The Romanian Government’s Underwhelming Response to the COVID-19 Crisis

A month and a half since the declaration of a state of emergency and after almost a dozen lockdown military ordinances took effect in the country, broadly in line with the policy of most other European countries, a brief evaluation is in order. 

The Romanian Government’s response to the COVID-19 crisis has nothing exceptional, no original idea, no single individualized policy, no special or particular focus. If Sweden, no matter how controversial, dared to pursue an individualized strategy of keeping the country open so as to achieve a higher degree of immunity as well as minimize economic loss and social distress, or if Germany implemented a swift search-and-clean infection-cluster policy followed-up by an effective intensive care capacity and real-time viral research, Romania has simply copy-pasted some broad European and World Health Organization lockdown guidelines to stop the contagion risk. There is no active – in some cases even experimental – strategy, no special health care crisis unit, no real-time research and goal oriented policy – just a rather ridiculously named “Group of Strategic Communication”, made up mostly of police and intelligence officers, which releases some basic statistics concerning the number of people infected, those hospitalized, confined or dead to some press outlets and, with long lags, publishes them on the website of the Ministry of Internal Affairs. 

State of exception 

The lockdown policy was implemented in Romania on March 23rd through a constitutional mechanism called the “state of emergency”, which is distinct but vaguely defined from a “state of siege” in the country’s supreme law. Nevertheless, the military, or more precisely the Defence Ministry, took the upper hand in the crisis response. All the lockdown orders have, curiously enough, been issued through “military ordinances”. But, from a constitutional point of view, it is still not clear if the state of emergency had to be implemented through military ordinances, which some people – although hardly all, particularly in a country such as Romania, where civil institutions lack public confidence – may not find reassuring. Other than cleaning – or disinfecting – some roads outside a highly affected city in the north of the country, the practical involvement of the military in the health crisis response has so far resembled more a sort of Hollywood-type distraction, since public civility is not yet at risk and has been handled by the police and gendarmerie as usual. Although particular military-led assistance might theoretically be necessary in some special cases, there does not seem to be any general need for it. So far, the consumer economy’s supply chains have not been overwhelmed, nor has there been any need for military camp-type hospitals. A country which could not produce enough vaccines to fight ordinary contagious diseases before the crisis, like smallpox and influenza, can only provoke an ironic laughter when it parks some barely repainted or, sometimes, still in desert paint military Humvees from NATO missions in Afghanistan in the main squares of its capital.
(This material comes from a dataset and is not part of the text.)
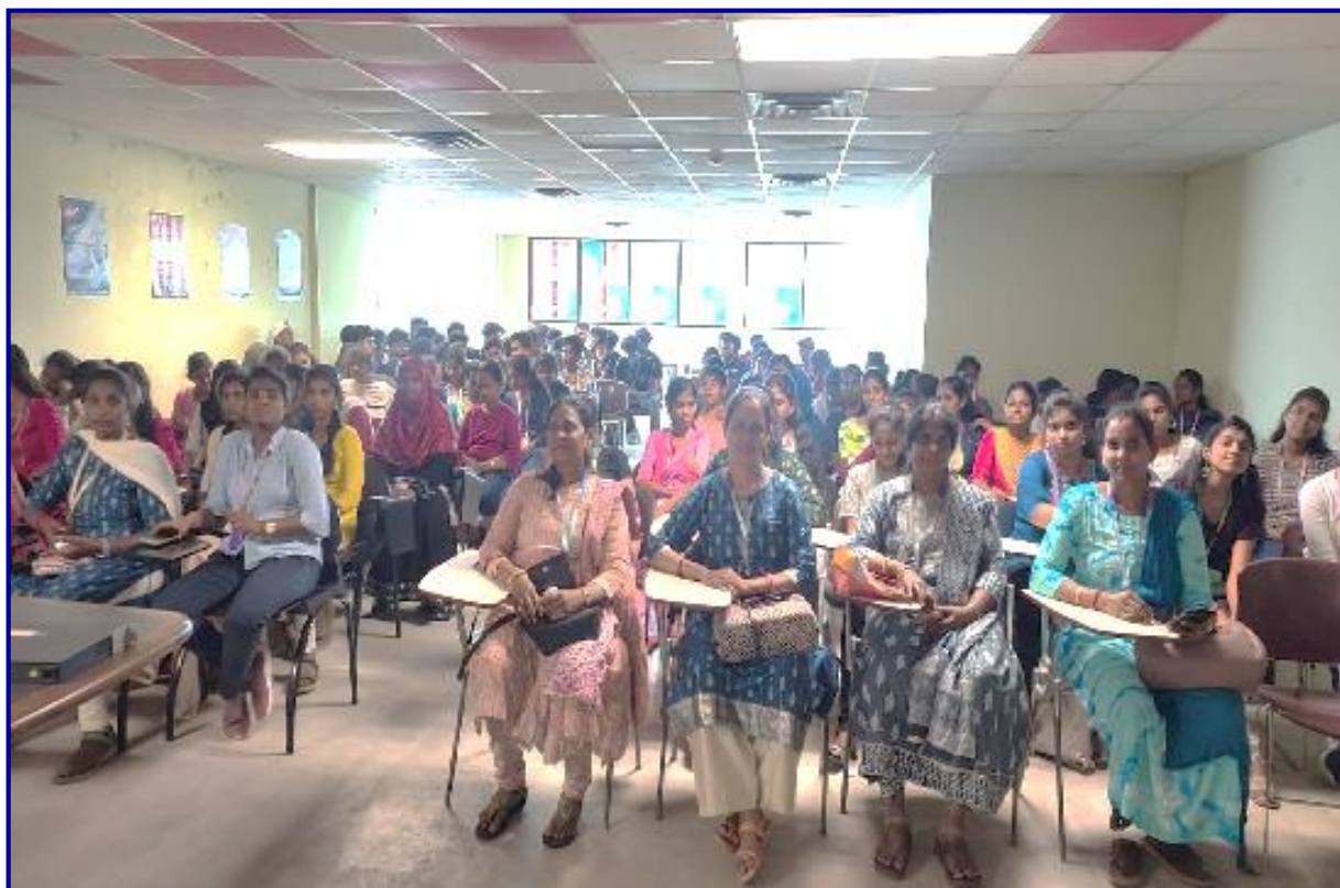
The Department of IT, EMGYWC organised an Industrial Visit to Spectrum Soft Tech Solution, Kochi, Kerala, on 07.02.2024

This is not to say that the lockdown measures had no absolute effect in limiting the contagion. To the extent that they did, as the compartmental epidemiological models on which they are based imply, it is something that will have to be clarified on an international scale wherever such policies have been put in place. What is already clear, however, is that the effect of the Romanian government’s implemented policy in this crisis is so far limited or quite disappointing compared to the rest of the countries in the region with similar implemented policies and socio-economic characteristics concerning the risk of contagion.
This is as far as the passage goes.